- Task description -
Give back the whole listing verbatim, printing none of its pictures.

- Given information -

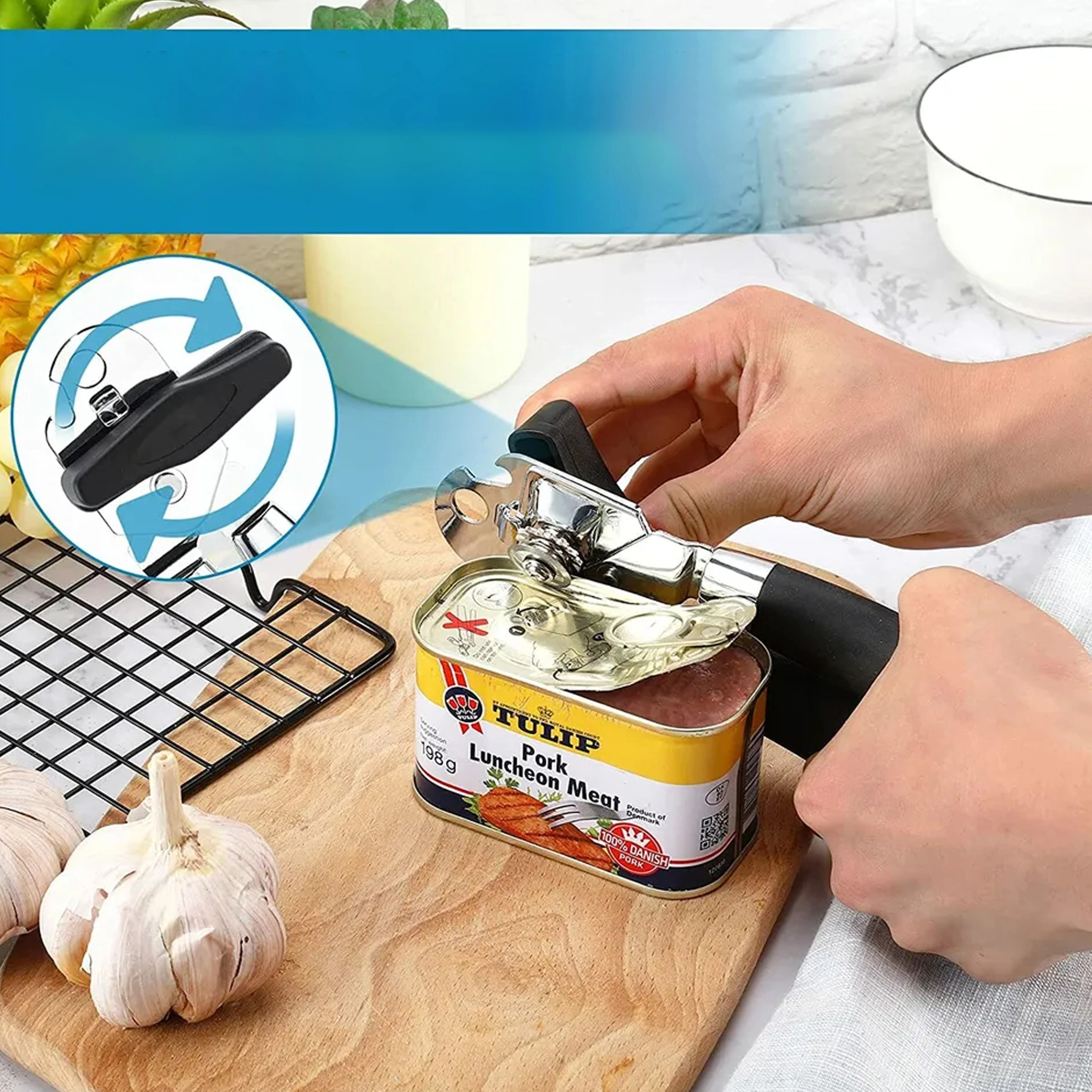 La roue tranchante en acier inoxydable et l’engrenage précis coupent le couvercle en continu sur tout le pourtour sans à-coups et minimisent les bords tranchants.
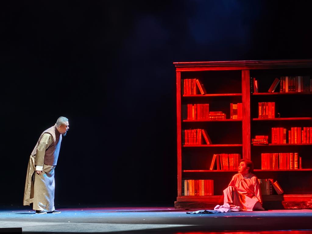 演出开始时,中国戏曲诗化、唯美、大写意的美学在舞台呈现,低吟浅唱的吴侬软语让观众仿佛穿越时空,回到了那个风雨飘摇的旧中国,体悟当时青年知识分子的救国救民情怀。
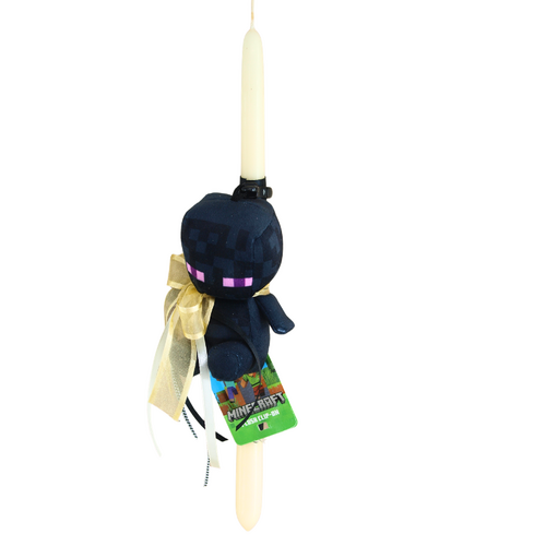 Η πασχαλινή λαμπάδα συνοδεύεται από ένα λούτρινο μπρελόκ που απεικονίζει τον Enderman, έναν μυστηριώδη και αγαπητό χαρακτήρα από τον κόσμο του Minecraft. Το λούτρινο είναι στερεωμένο πάνω στη λαμπάδα και διακοσμείται με πασχαλινά στοιχεία και κορδέλες.
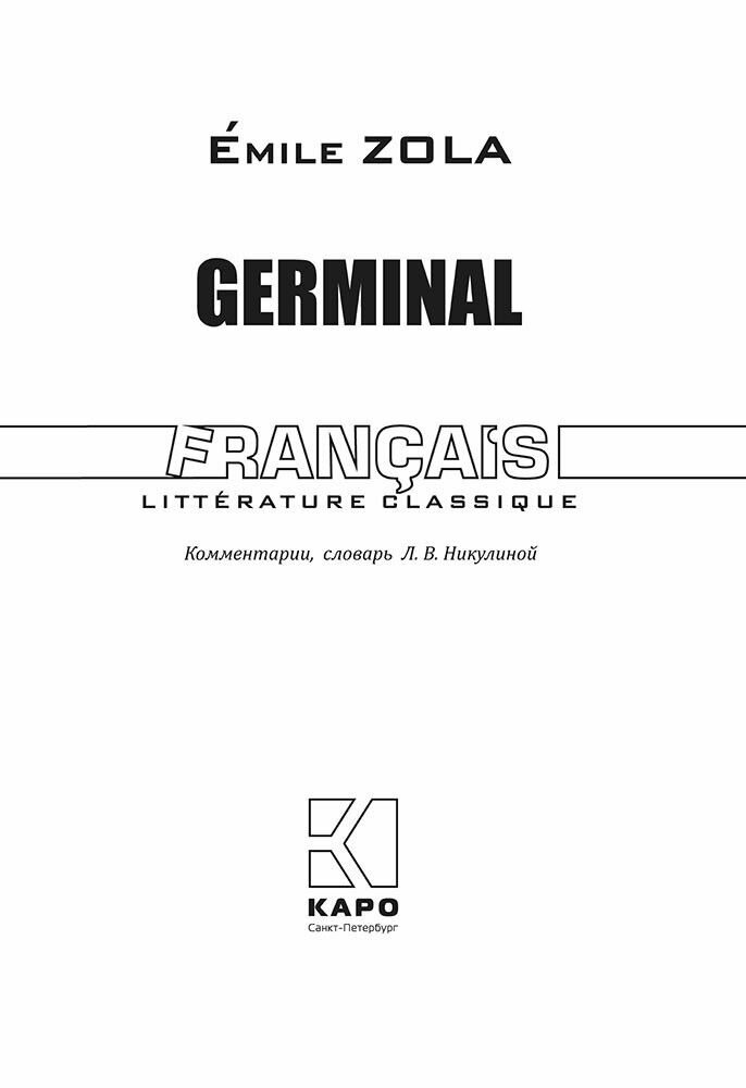 Жерминаль (книга для чтения на французском языке неадаптир.) (Zola E.); Инфра-М, 2020

- Problem solution -
 La roue tranchante en acier inoxydable et l’engrenage précis coupent le couvercle en continu sur tout le pourtour sans à-coups et minimisent les bords tranchants.
 演出开始时,中国戏曲诗化、唯美、大写意的美学在舞台呈现,低吟浅唱的吴侬软语让观众仿佛穿越时空,回到了那个风雨飘摇的旧中国,体悟当时青年知识分子的救国救民情怀。
 Η πασχαλινή λαμπάδα συνοδεύεται από ένα λούτρινο μπρελόκ που απεικονίζει τον Enderman, έναν μυστηριώδη και αγαπητό χαρακτήρα από τον κόσμο του Minecraft. Το λούτρινο είναι στερεωμένο πάνω στη λαμπάδα και διακοσμείται με πασχαλινά στοιχεία και κορδέλες.
 Жерминаль (книга для чтения на французском языке неадаптир.) (Zola E.); Инфра-М, 2020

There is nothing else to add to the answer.